There isn't much going right for the A's. If the hope is to be ready for a monster first season in Vegas to get fans interested, they aren't doing that very well. The fact is that most of their top young talent is already at the Major League level, which can either turn out tremendously as they develop skills against the best possible competition, or fail miserably as they never adjust to their counterparts. The former could still turn out true given that the A's don't have a terrible record thus far (sitting just one game under .500, 17-18). However, there also is not much hope for long-term success given their farm system's current talent pool.

2) Houston Astros

Top 5 prospects:

  • OF Jacob Melton (90)

  • OF Luis Baez (N/A)

  • RHP Spencer Arighetti (N/A)

  • SS Brice Matthews (N/A)

  • 3B/2B Zach Dezenzo (N/A)

The Houston Astros have not had a great farm system for quite some time now and perhaps that lack of attention to their lower levels is finally starting to take its toll. The team currently sits at fourth in the American League West, behind the Oakland Athletics. That's not a good sign.
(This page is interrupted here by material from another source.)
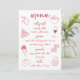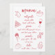 Share your special occasion dinner menu with this beautiful Italian inspired design featuring handwritten style cursive lettering accented with hand drawn food illustrations in tomato red. Illustrations include bow tie pasta, wine, Sicilian lemon, tomatoes, pizza, spaghetti on a fork, pastries, and coffee. Customise the menu title and up to four courses.

Outside of Ronel Blanco and the injured Christian Javier, this team doesn't seem to have much going for it on the pitching side either. Framber Valdez and Josh Hader are the only lefties on the roster currently and both have been underwhelming to say the least. While the team's No. 10 prospect LHP Colton Gordon could make the jump, he currently holds a 9 ERA in Triple-A this year after posting a 4.63 ERA in 35 innings in Triple-A last year. He's clearly not ready yet and even if he was, it would do little to solve the bullpen problems the team is having.

1) Los Angeles Angels

Top 5 prospects:

  • OF Nelson Rada (N/A)

  • RHP Caden Dana (N/A)

  • SS/2B Kyren Paris (N/A)

  • RHP Ben Joyce (N/A)

  • RHP Barrett Kent (N/A)

Yes, not one Angel is in's top-100 prospects. I shouldn't have to say much more. While the argument could be made that the Angels don't have any great prospects because they call all their best prospects up immediately, that isn't necessarily a great plan if you want to have long-term success. Former top prospects Zach Neto and Nolan Schanuel both made it to Anaheim in less than a full year.

While there are some potentially talented players on this list, particularly from the international pool where nearly half of the Angels' top-30 prospects were signed from, there just isn't enough experience with this farm system to inspire any confidence. That's why they rank dead last.